Recorded data:
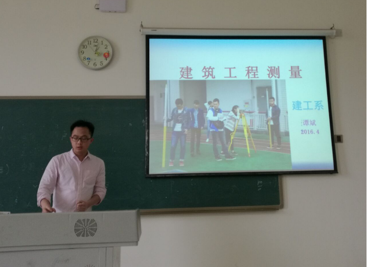 首先上场的测量小子——谭斌。他毕业于重庆大学,曾就职于中交一公局。通过他的说课,我们了解到,他根据施工单位的需求,结合本院的实际情况,总结出了一套很适合本院学生的教学方案。
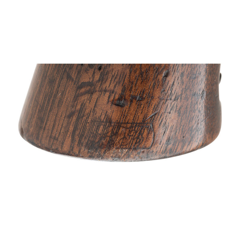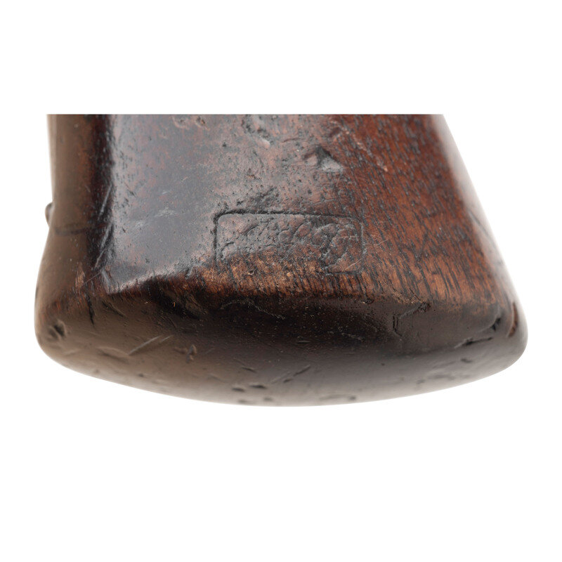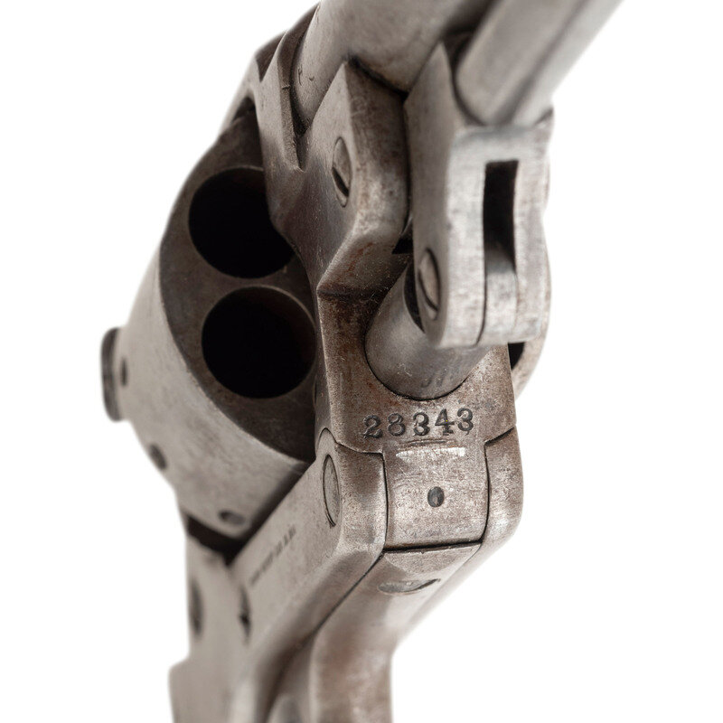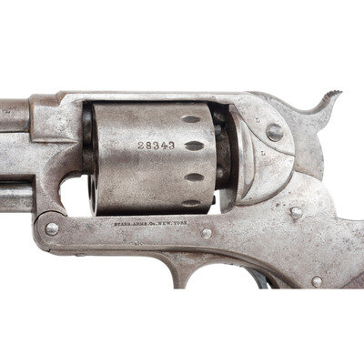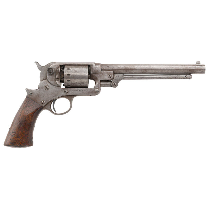 .44 caliber. 8" round barrel. SN: 28343. No finish, one piece walnut grip. Single action percussion revolver with toggle link loading leaver, six-chambered unfluted cylinder, hammer nose notch rear sight and dovetailed blade front sight. Standard frame markings, weak sub-inspection marks in metal, traces of weak cartouches on the grip. {ANTIQUE}
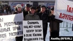 Кулларда “Нурмөхәммәт Хөсәеновны вазифасына кайтарыгыз!”, “Татар гимназияләре ачуны, телевидение, радиода татар тапшырулары оештыруны таләп итәбез!”, “Татар теленә – дәүләт статусы!”, “Бүздәк районының Килем татар мәдәни үзәген саклауны таләп итәбез!”, “Нурмөхәммәт Хөсәеновны вазифасыннан алучыларны җаваплылыкка тарттырырга!”, “Татар гимназиясеннән кулыңны ал!” кебек шигарләрне күрергә була иде.
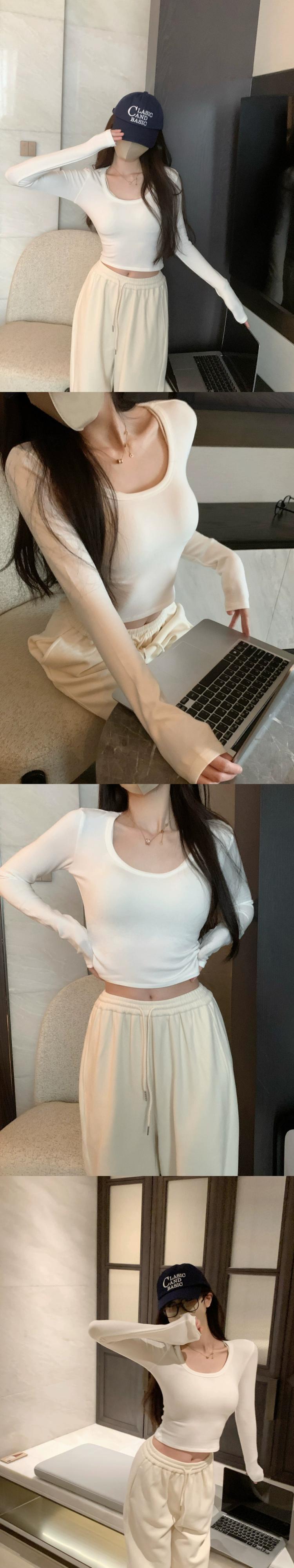 ホワイト U ネック長袖右肩 Tシャツ女性春セクシーなスリムタイトショートインナー重ね着シャツトップ ロング スプリング 春物 092195132308891
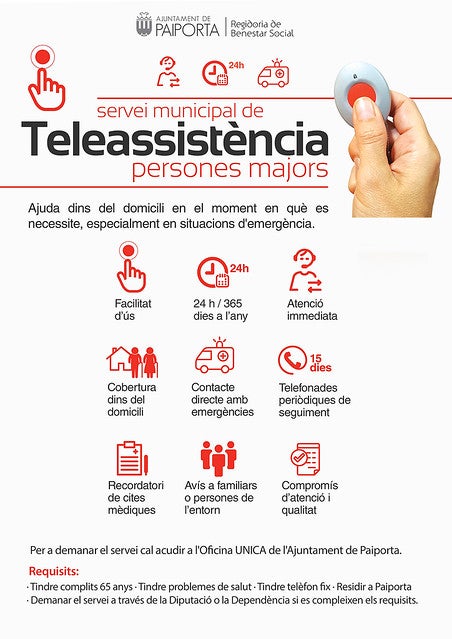 Els requisits són, a més d’estar empadronat a Paiporta, tindre complits 65 anys, patir problemes de salut, disposar de telèfon fix, residir a la localitat, i demanar la teleassistència a través de la Diputació de València o la Llei de Dependència, si es compleixen els requisits per a ambdues vies. Mentre arriba el reconeixement d’aquestes dues instàncies, l’Ajuntament es fa càrrec del servei i, si es compleixen els requisits, el consistori prestarà el servei independentment de la resposta que obtinga l’usuari de la Diputació o la Dependència.
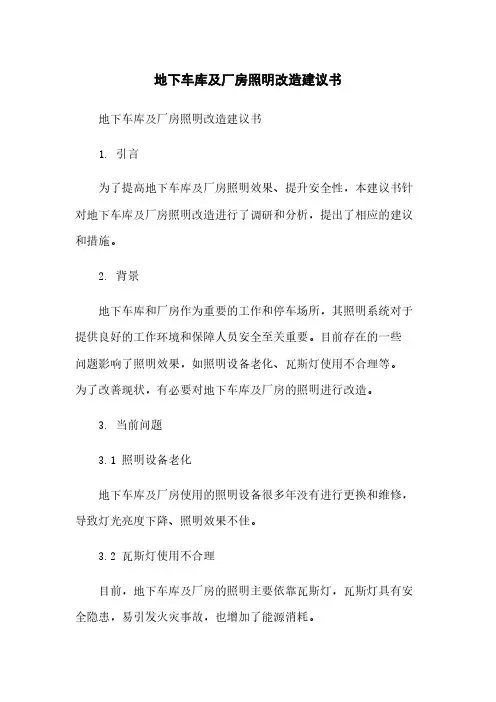 地下车库及厂房照明改造建议书尊敬的相关负责人:您好!随着社会的不断发展和进步,节能减排已经成为企业和社会关注的重要话题。
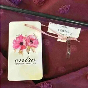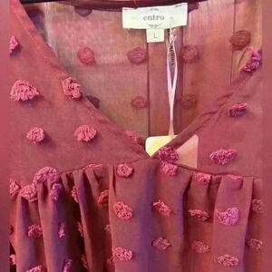 Entro brand Swiss dot maroon v neck shirt with bubble sleeves. Looks great with jeans or slacks. New with tags.
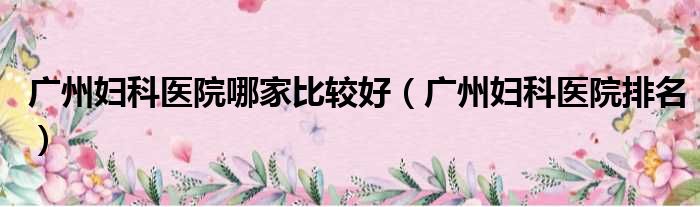 广州妇科医院哪家比较好(广州妇科医院排名)
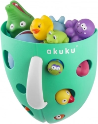 Le panier gris pratique pour jouets de bain AKUKU aide à garder l’ordre autour de la baignoire et de la douche. Grâce au fond et aux parois perforés, l’eau s’écoule rapidement et les jouets comme les accessoires sèchent facilement. La poignée solide facilite le transport et les ventouses permettent une fixation sûre sur une surface lisse sans perçage.
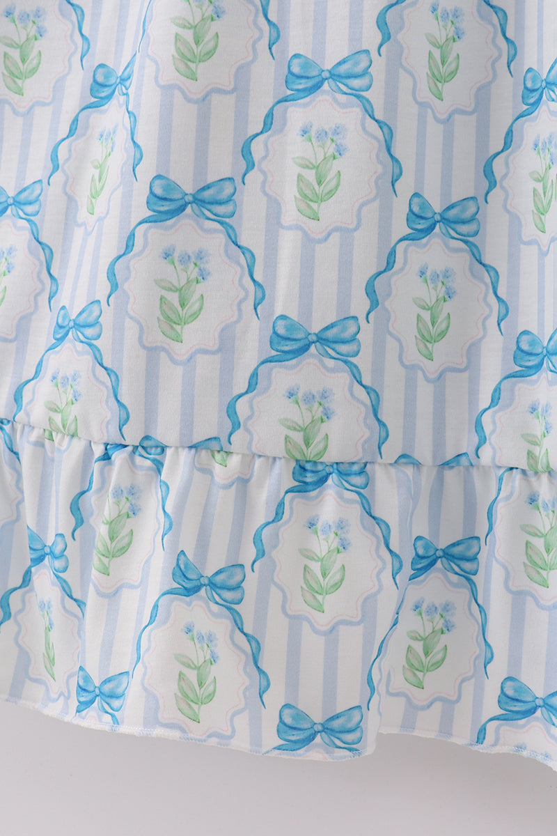 Get ready to channel your inner flower child with our Blue Floral Bow Tie Strap Mom Dress! This dress, with its delicate floral print and playful bow tie straps, will have you feeling like a free-spirited momma in no time. Made with lightweight fabric to keep you cool and comfortable all day long, this dress is perfect for any occasion. So go ahead, embrace your wild side and rock this dress with confidence!

Task details: Reproduce only the lines from the line that holds "Le panier gris" through the end of the records, exactly as they stand, both ends included and pictures excluded.

Exercise answer:
 Le panier gris pratique pour jouets de bain AKUKU aide à garder l’ordre autour de la baignoire et de la douche. Grâce au fond et aux parois perforés, l’eau s’écoule rapidement et les jouets comme les accessoires sèchent facilement. La poignée solide facilite le transport et les ventouses permettent une fixation sûre sur une surface lisse sans perçage.
 Get ready to channel your inner flower child with our Blue Floral Bow Tie Strap Mom Dress! This dress, with its delicate floral print and playful bow tie straps, will have you feeling like a free-spirited momma in no time. Made with lightweight fabric to keep you cool and comfortable all day long, this dress is perfect for any occasion. So go ahead, embrace your wild side and rock this dress with confidence!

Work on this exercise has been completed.